Generally, search engines will allow pages within subdirectories to rank easier in comparison to pages within a subdomain. This reason being subdirectories inherit more authority from the domain name, whereas pages within subdomains inherit less authority from the domain (thus being treated similar to an external domain, although still receiving some of the authority from the main domain.)

So if subdirectories inherit more authority from a domain, why do companies choose to use subdomains?

Subdomains are used to segment a large amount of content on a site by a specific topic. If the number of pages are relatively high for a section (e.g. hundreds of pages), it may be logically better to place these pages within a subdomain rather than a subdirectory.

Otherwise, we recommend keeping within the content within the domain (i.e. using subdirectories)- this will make it easier for pages to rank better in search results as these pages inherit more authority from the main domain.

Adam

December 12th, 2008.

Multiple Domain Names- More Harm than Good?

One common misconception many site owners make is the assumption that:

more websites = more traffic = more sales.

Logically, this may seem like a good idea- after all, two hands are better than one, five are better than two, right?

When it comes to domain names and search engine optimisation- this couldn’t be further from the truth!

Sadly, many site owners with limited SEO knowledge make this assumption- either, pointing many other domains to their existing site or copying their existing site and hosting it separately with other domain names. Both methods don’t work, and are likely to get your existing site penalised, causing less traffic and less sales. Why?

Search engines use links to crawl pages within and outside of a site. If links point to a page on a domain name, search engine robots will crawl that page. However, having multiple domains pointing to a site allows search engines multiple entrances to the same content, effectively presenting the same page multiple times.

E.g. if www.mysite1.com points to the same server directory as www.mysite2.com, search engines can see the same single page through more than one source- and if not correctly managed (using 301 redirects) duplicate content problems will occur which will result in the sites receiving a decrease in rankings and potentially a ban from search engines altogether.

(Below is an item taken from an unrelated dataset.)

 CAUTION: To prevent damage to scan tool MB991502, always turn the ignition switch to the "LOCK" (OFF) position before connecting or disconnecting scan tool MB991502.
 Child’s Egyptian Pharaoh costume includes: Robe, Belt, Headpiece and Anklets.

In the second instance, by hosting the same content on multiple sites the duplicate content issue is also present, resulting in a drop and a possible ban for all duplicate sites (including the original site) in extreme circumstances and probable indexing issues.

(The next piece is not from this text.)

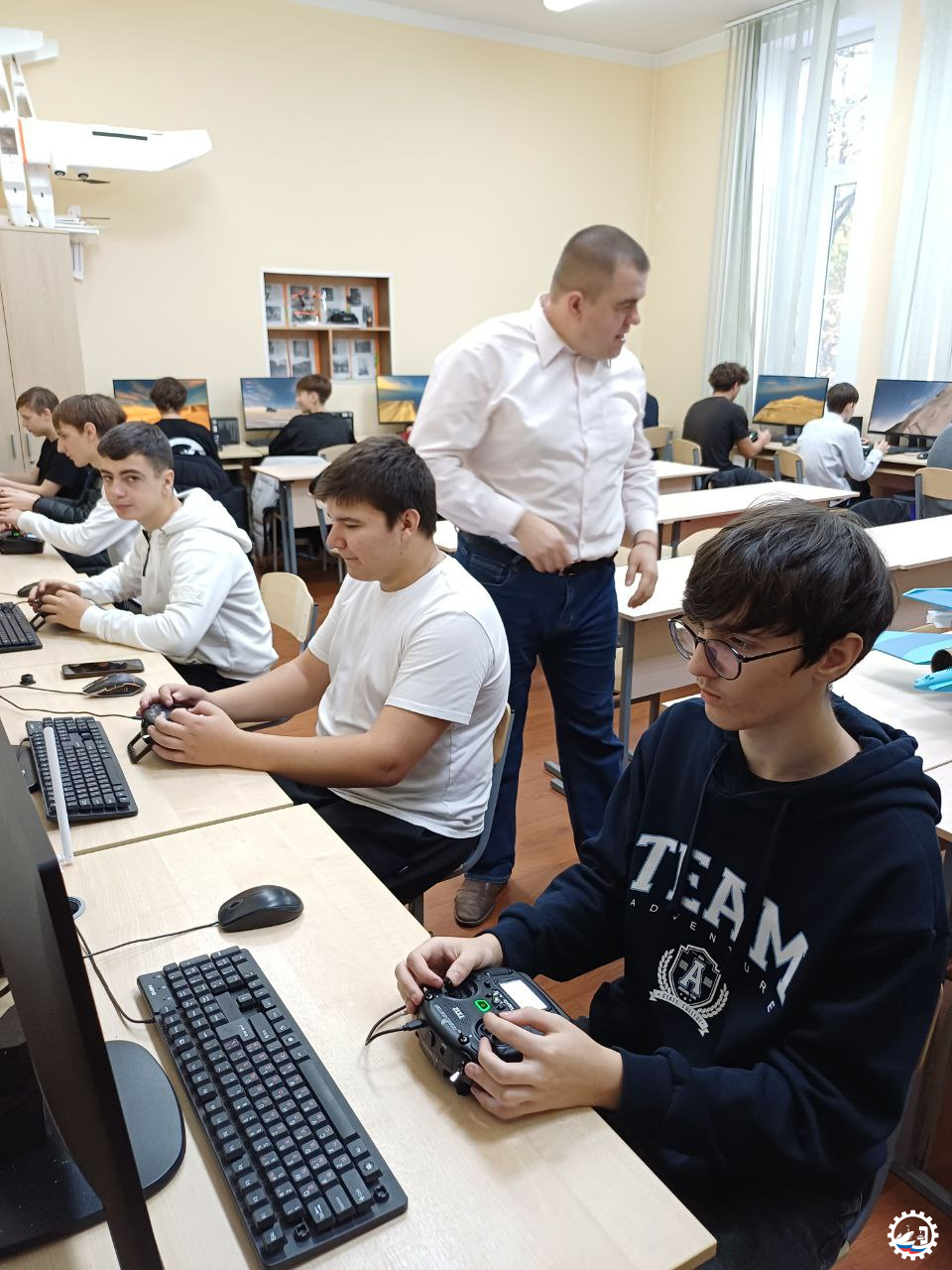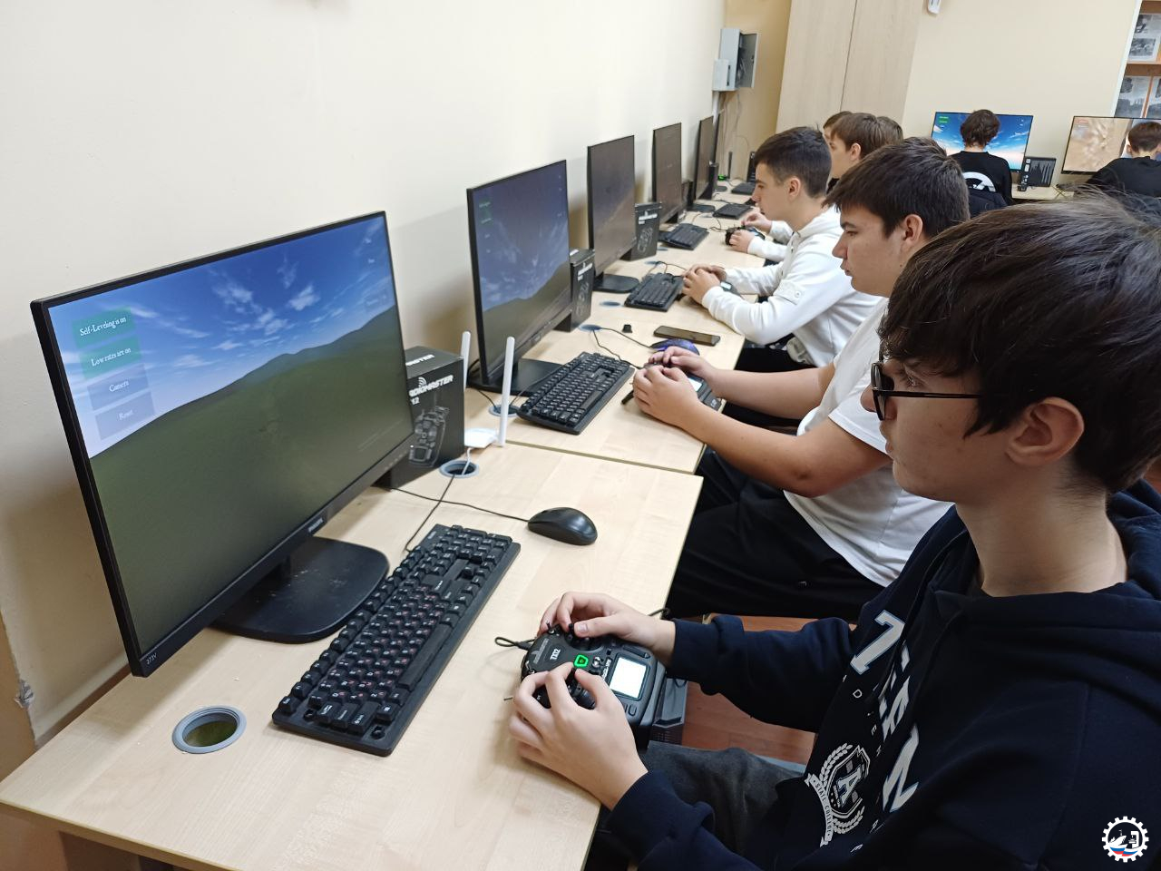 🚁 На симуляторах участники поднимали беспилотные летательные аппараты в небо и выполняли посадку.

How Can Multiple Domains Provide Any Value?

Having multiple domains can provide your site with additional value if managed correctly. For branding purposes, companies may purchase premium domain names which can potentially provide additional direct traffic from searchers typing in the URL directly.

For example, searchers for “cables” may directly type into their address bar “cables.com”, providing this site with additional direct traffic.

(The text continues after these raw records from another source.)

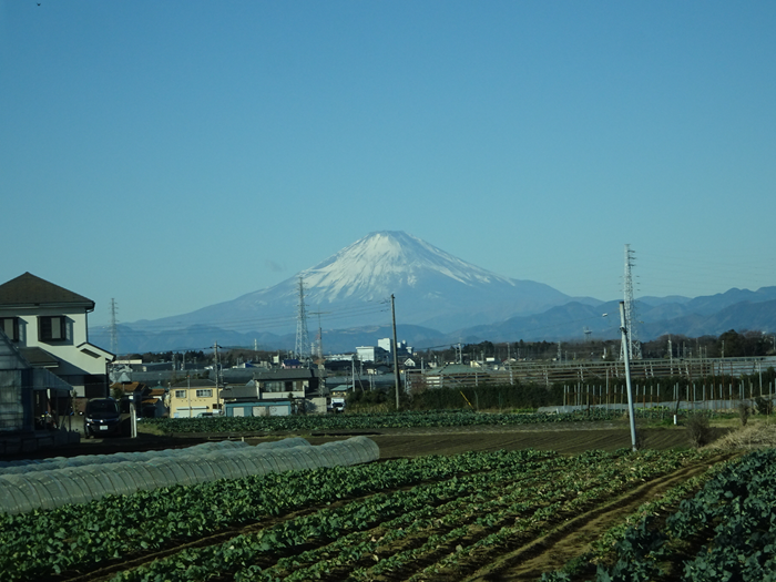 バスの車窓からは雲一つ無い青空の下に富士山の雄姿がはっきりと。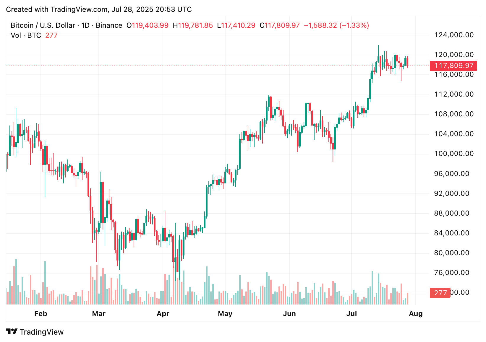 Fechamento diário do BTC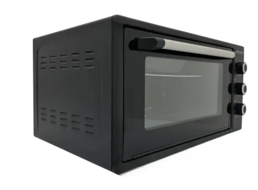 ელექტრო ღუმელი Hoffmann FGT4800 TURBOGRILL BLACK აერთიანებს მძლავრ ფუნქციონალსა და ელეგანტურ დიზაინს. მისი 1600 ვატიანი სიმძლავრე და 48 ლიტრიანი მოცულობა უზრუნველყოფს სხვადასხვა კერძის სწრაფ და თანაბარ მომზადებას. მექანიკური მართვის პანელი, ტაიმერი და თერმოსტატი საშუალებას გაძლევთ მარტივად აკონტროლოთ მომზადების პროცესი. შავი ფერის კორპუსი და მინის კარი ქმნის თანამედროვე ვიზუალს, რომელიც იდეალურად ერგება ნებისმიერ სამზარეულოს. კომპლექტში შედის ორი საცხობი ფორმა, რაც ზრდის მოხმარების კომფორტს. Hoffmann FGT4800 TURBOGRILL BLACK არის სანდო და პრაქტიკული არჩევანი ყოველდღიური გამოყენებისთვის.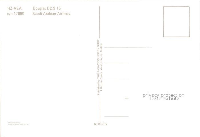 Flugzeuge Zivil Saudi Arabian Airlines Douglas DC-9-15 HZ-AEA c/n 47000 postalisch nicht gelaufen Erhaltung siehe scans

Other large corporations buy the localised versions of their domain name, partly to protect their brand and largely to help with usability.

For example, hp.co.uk provides the UK index page for HP, while HP also own hp.com, and hp.com.au, to name a few.

How is it then that large companies are able to use multiple domains and not get penalised in search engines? The answer is, these domains are managed correctly and redirect these domains to the appropriate pages on the server. By using a ‘301 Permanently moved’ redirect, these domains point to a single page on the server, therefore minimising duplicate content issues.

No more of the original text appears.